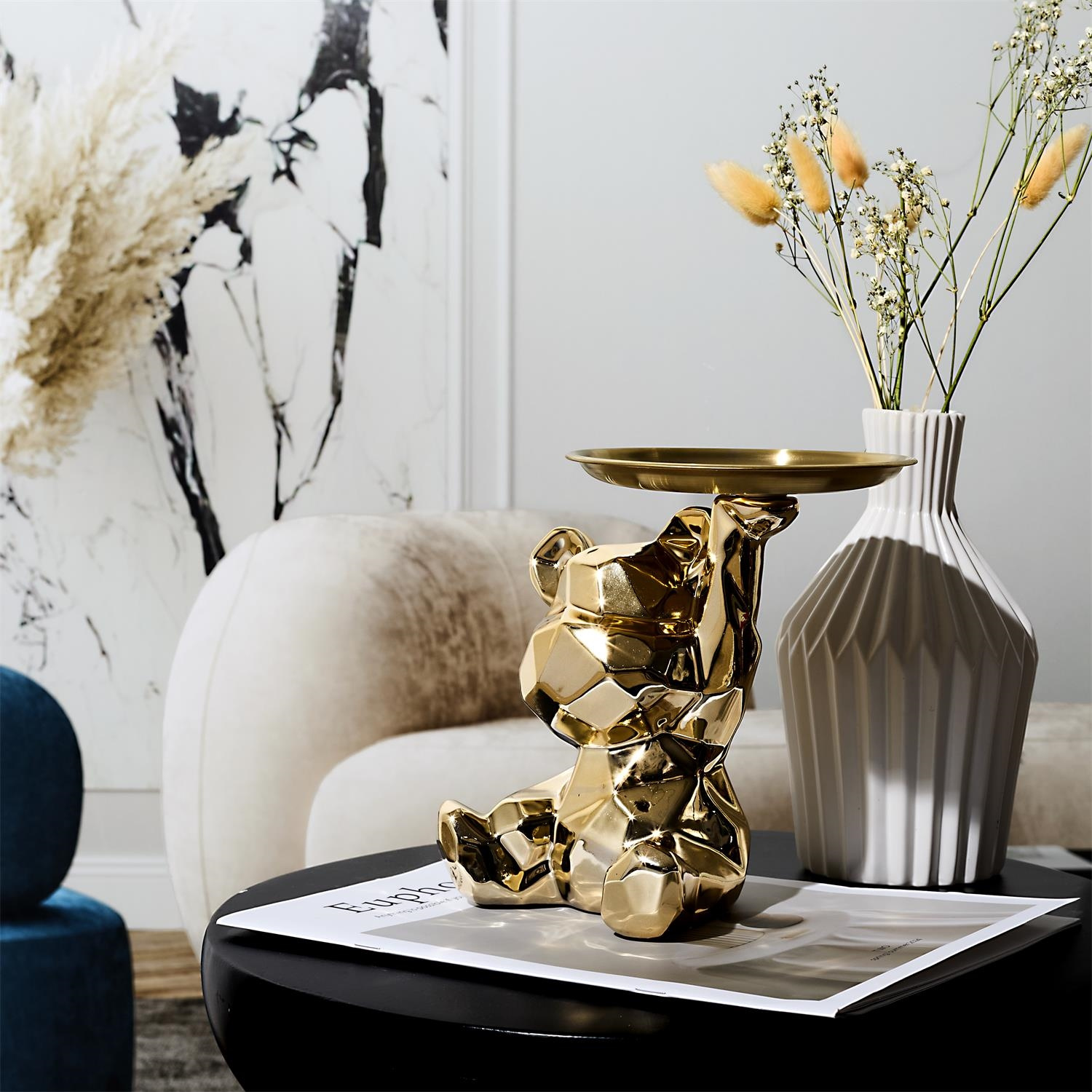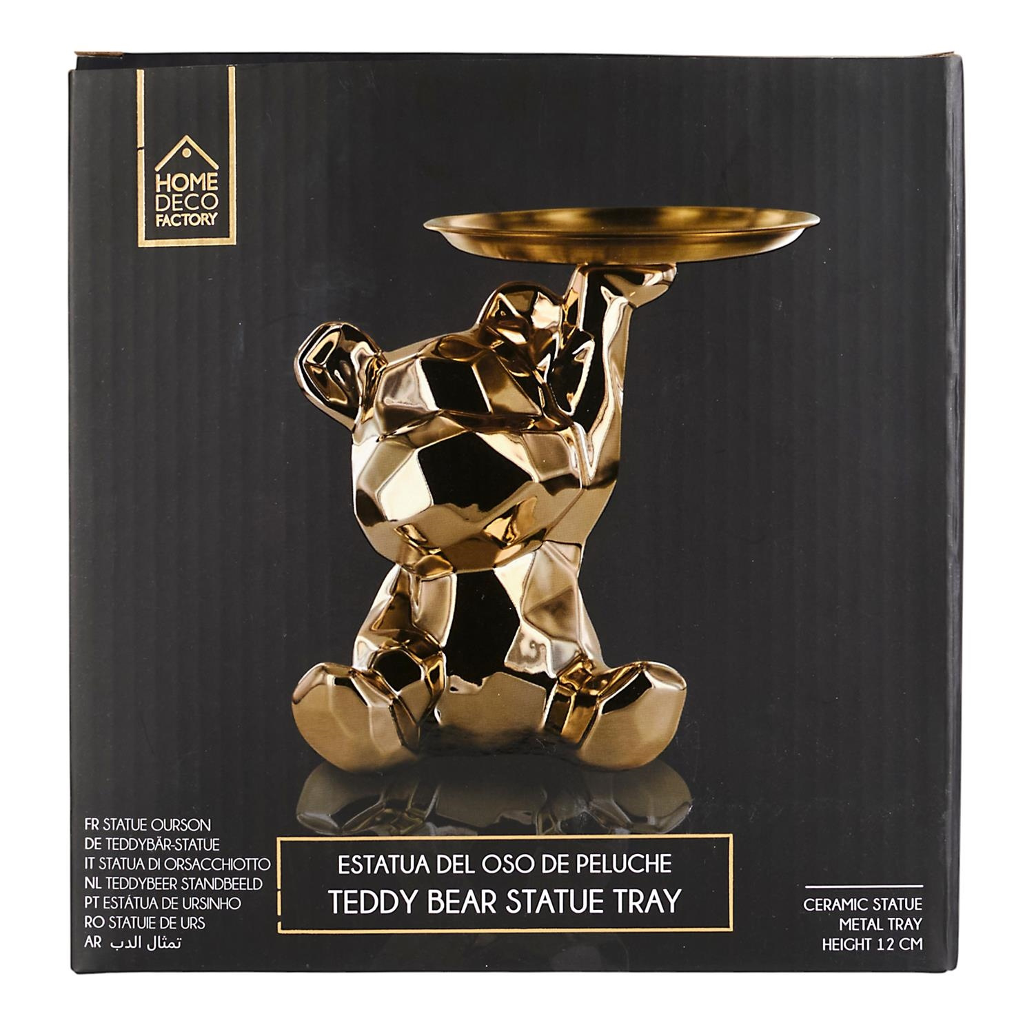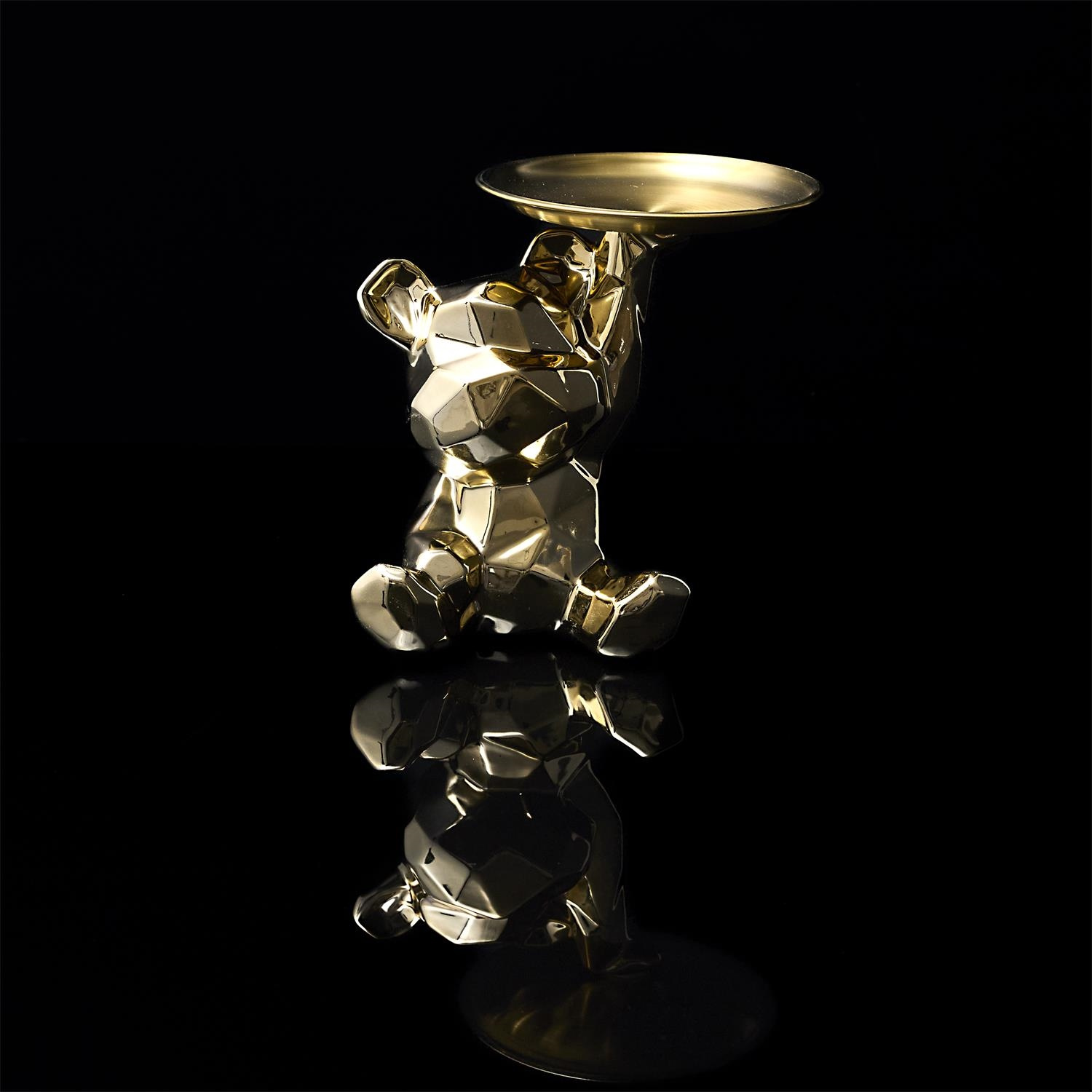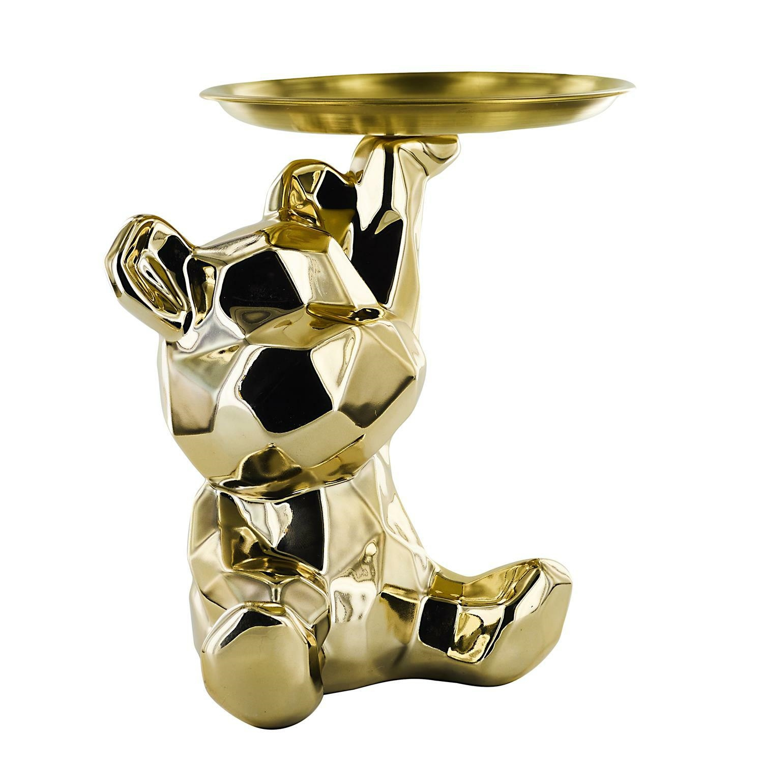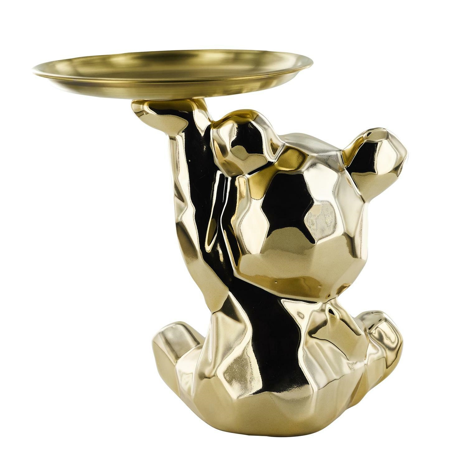 Ceramiczna figurka przypominająca misia ze złotą, metalową tacą to idealny element dekoracyjny, który zroi również porządek z kluczami lub innymi drobnymi przedmiotami.Cechy produktu
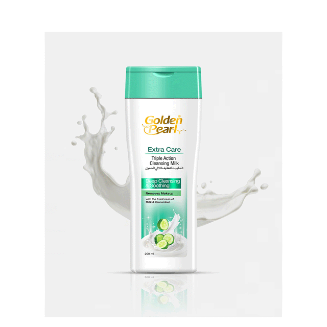 Golden Pearl Triple Action Cleansing Milk is enriched with Cucumber Extract, Vitamin E and Aloe Vera Gel. It helps remove makeup and dirt. It penetrates deep into the skin to remove traces of excess oil. The formula removes impurities while leaving the skin feeling clean and soft. Use daily and enjoy the refreshing scent of fresh cucumber and milk with Golden Pearl Triple Action Cleansing Milk.
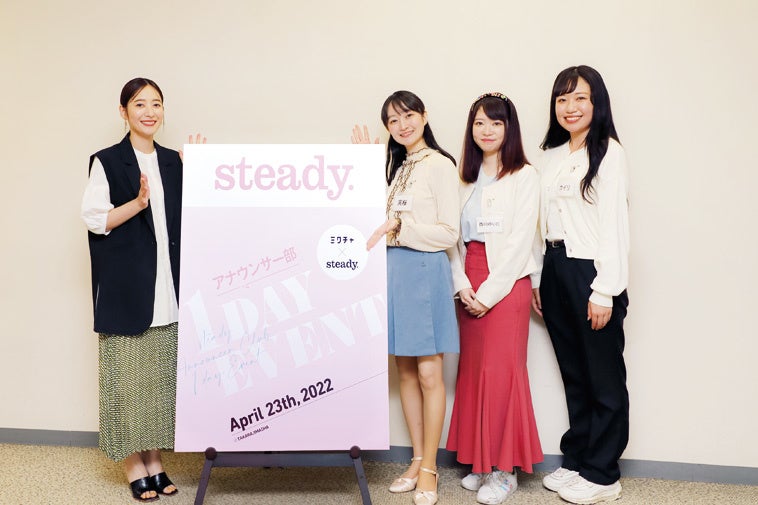 入部した3名には「steady. アナウンサー部」の特典として、「steady.」での誌面紹介に加え、アナウンサーに必要なスキルを学ぶ「アナウンサー1DAY特別イベント」にご参加いただきました。
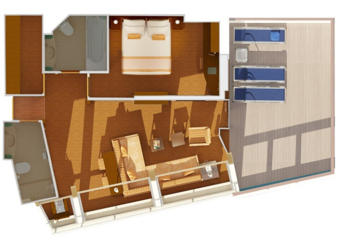 CS - Captain's Suite 52 m² + balkón 24 m². 9. paluba. Max 5 osôb. Výhody Suite. | 4 252 € 2 126 € za osobu |
▬▬▬
Action item
Repeat the data above exactly, leaving out any pictures it holds.

Exercise result
 Ceramiczna figurka przypominająca misia ze złotą, metalową tacą to idealny element dekoracyjny, który zroi również porządek z kluczami lub innymi drobnymi przedmiotami.Cechy produktu
 Golden Pearl Triple Action Cleansing Milk is enriched with Cucumber Extract, Vitamin E and Aloe Vera Gel. It helps remove makeup and dirt. It penetrates deep into the skin to remove traces of excess oil. The formula removes impurities while leaving the skin feeling clean and soft. Use daily and enjoy the refreshing scent of fresh cucumber and milk with Golden Pearl Triple Action Cleansing Milk.
 入部した3名には「steady. アナウンサー部」の特典として、「steady.」での誌面紹介に加え、アナウンサーに必要なスキルを学ぶ「アナウンサー1DAY特別イベント」にご参加いただきました。
 CS - Captain's Suite 52 m² + balkón 24 m². 9. paluba. Max 5 osôb. Výhody Suite. | 4 252 € 2 126 € za osobu |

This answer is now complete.